I must share. Today I had an experience. Something that is different from MOST of my life. I reached a breaking point, a point where my head, who is my WORST enemy attacked me!
Walking through Walmart pushing my grocery cart, it just stopped moving! The wheels locked up as if I was trying to take off with the cart?!? No big deal right? Just leave your stuff and go get another cart.
For me, it was the breaking point, for some odd reason! A gentlemen that worked there went and got me a different cart, and I took what I had, left what was still on the list, paid and went home!
Once I was home, it all hit me, ALL these feelings and emotions that build up, being pregnant, feeling like death for 3 months straight, soaring hormones, almost losing my mom, dealing with some painful things in recovery, and then of course, the stupid cart, pushed me over the edge, and I lost it.
For the first time in a really long time, taking some pain pills or smoking some dope,(meth) sounded like a GREAT idea. Regardless of the fact that I’m pregnant 🤰🏼 my addiction told me that was the best solution out there!

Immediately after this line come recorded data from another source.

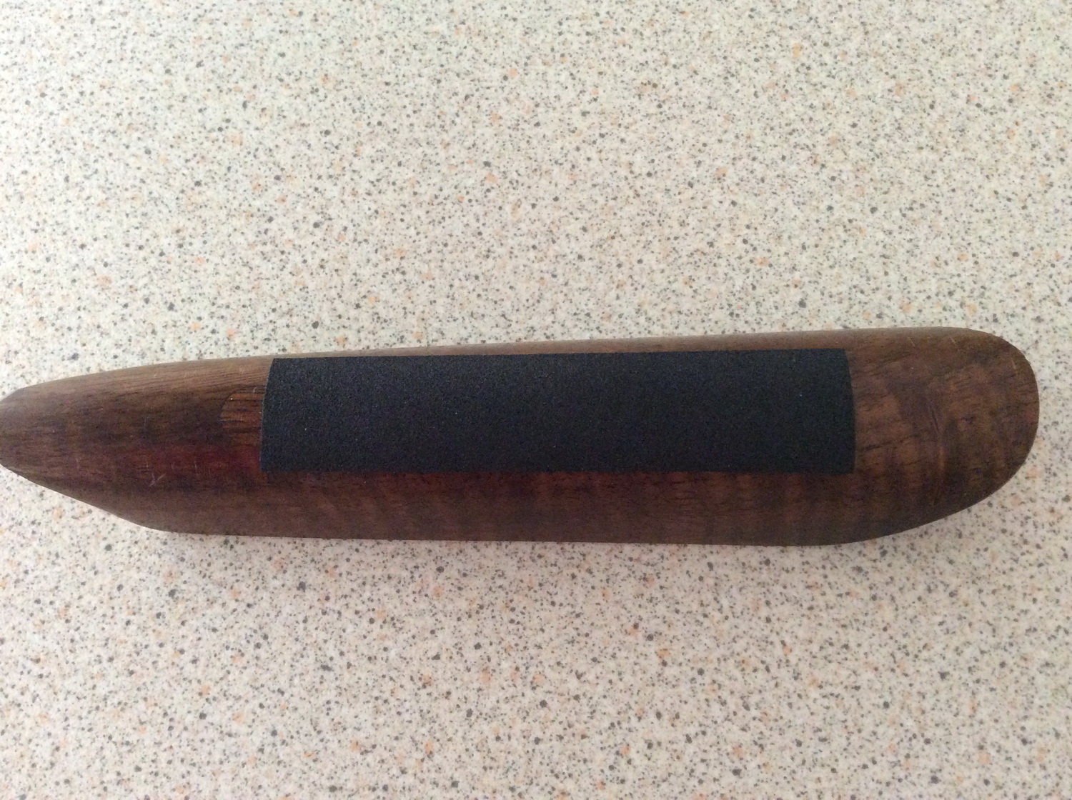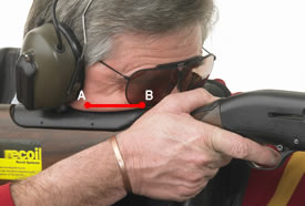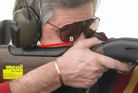 This position is frequently seen on shooting grounds worldwide. The shooter feels a firm location at (A) and is happy the gun mount is correct. However the line (A) to (B) should be located along the comb to give a repeatable eye/rib alignment.
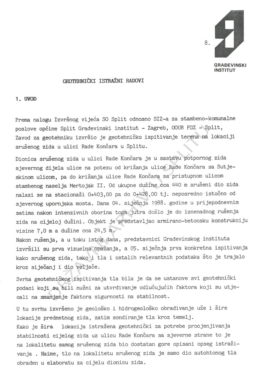 No, predstavnici Građevinskog instituta bili su puno decidiraniji i brži. Njihovi predstavnici praktički odmah su, istog dana, obavljali prva vizualna opažanja na mjestu pada armirano-betonske konstrukcije. Idućih dana i mjeseci obavili su konkretna ispitivanja tla (geotehničko) sondiranje temelja zida, te geološki i hidrogeološki obradili užu i širu lokaciju zida, ali i samu armaturu.
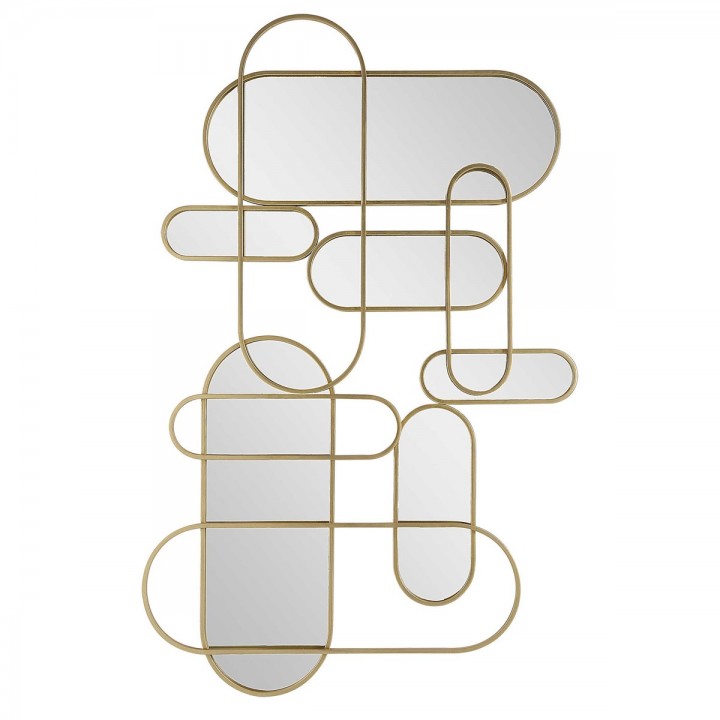 Un llamativo laberinto de elipses de espejo y pan de oro, el panel de espejo On Track añade un toque moderno a cualquier diseño de pared. Puede colgarse en horizontal o vertical.

I was scared by this thought. It also gave me a chance to practice some of the spiritual principles I’ve learned in recovery. Reach out, share about it, pray, meditate, and DONT USE NO MATTER WHAT!
I shared about it, and I cried for a solid hour. So cleansing!
The last 3 months have been a challenge, and a gift at the same time. God blessed me with a miracle of motherhood, and has blessed me with a clarity of mind.
The grocery cart is a good analogy of life, sometimes we run into things that bring us to a HALT! Things, thoughts, feelings that stop us in our tracks! What we do in those times, shows where we are a humans and what we need to work on!
I have taken that experience, and looked at it closely, it was all the little bumps that led me to a screaming halt and so overwhelmed! Today I’m learning to push through and find a way to continue on the path…..even if I feel like I can’t any longer!